→ TASK INSTRUCTIONS
Among the lines below, keep only those from the one containing "白色轻薄背心搭配浅色磨边短裤" through the one containing "Рис. 8. Спектры", and reproduce them exactly.
(DATA Opens)
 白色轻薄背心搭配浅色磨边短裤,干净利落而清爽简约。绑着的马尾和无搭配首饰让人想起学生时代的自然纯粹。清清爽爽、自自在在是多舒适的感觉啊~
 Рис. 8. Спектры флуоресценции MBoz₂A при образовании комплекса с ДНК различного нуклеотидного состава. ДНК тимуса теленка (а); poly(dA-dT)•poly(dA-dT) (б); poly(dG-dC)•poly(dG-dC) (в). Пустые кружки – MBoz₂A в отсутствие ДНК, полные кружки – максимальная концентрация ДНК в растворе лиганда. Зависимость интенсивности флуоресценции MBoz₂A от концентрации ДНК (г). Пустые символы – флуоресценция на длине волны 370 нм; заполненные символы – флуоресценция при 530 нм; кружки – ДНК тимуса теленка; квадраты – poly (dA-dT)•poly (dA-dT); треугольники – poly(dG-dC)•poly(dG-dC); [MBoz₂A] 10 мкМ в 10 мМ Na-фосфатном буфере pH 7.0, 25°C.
(DATA Closes)
(DATA Opens)
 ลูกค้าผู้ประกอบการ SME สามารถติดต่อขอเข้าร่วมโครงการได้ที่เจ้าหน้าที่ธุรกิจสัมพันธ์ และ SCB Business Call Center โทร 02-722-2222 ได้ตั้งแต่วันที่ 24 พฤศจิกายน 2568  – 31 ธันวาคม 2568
(DATA Closes)
→ PROBLEM SOLUTION
 白色轻薄背心搭配浅色磨边短裤,干净利落而清爽简约。绑着的马尾和无搭配首饰让人想起学生时代的自然纯粹。清清爽爽、自自在在是多舒适的感觉啊~
 Рис. 8. Спектры флуоресценции MBoz₂A при образовании комплекса с ДНК различного нуклеотидного состава. ДНК тимуса теленка (а); poly(dA-dT)•poly(dA-dT) (б); poly(dG-dC)•poly(dG-dC) (в). Пустые кружки – MBoz₂A в отсутствие ДНК, полные кружки – максимальная концентрация ДНК в растворе лиганда. Зависимость интенсивности флуоресценции MBoz₂A от концентрации ДНК (г). Пустые символы – флуоресценция на длине волны 370 нм; заполненные символы – флуоресценция при 530 нм; кружки – ДНК тимуса теленка; квадраты – poly (dA-dT)•poly (dA-dT); треугольники – poly(dG-dC)•poly(dG-dC); [MBoz₂A] 10 мкМ в 10 мМ Na-фосфатном буфере pH 7.0, 25°C.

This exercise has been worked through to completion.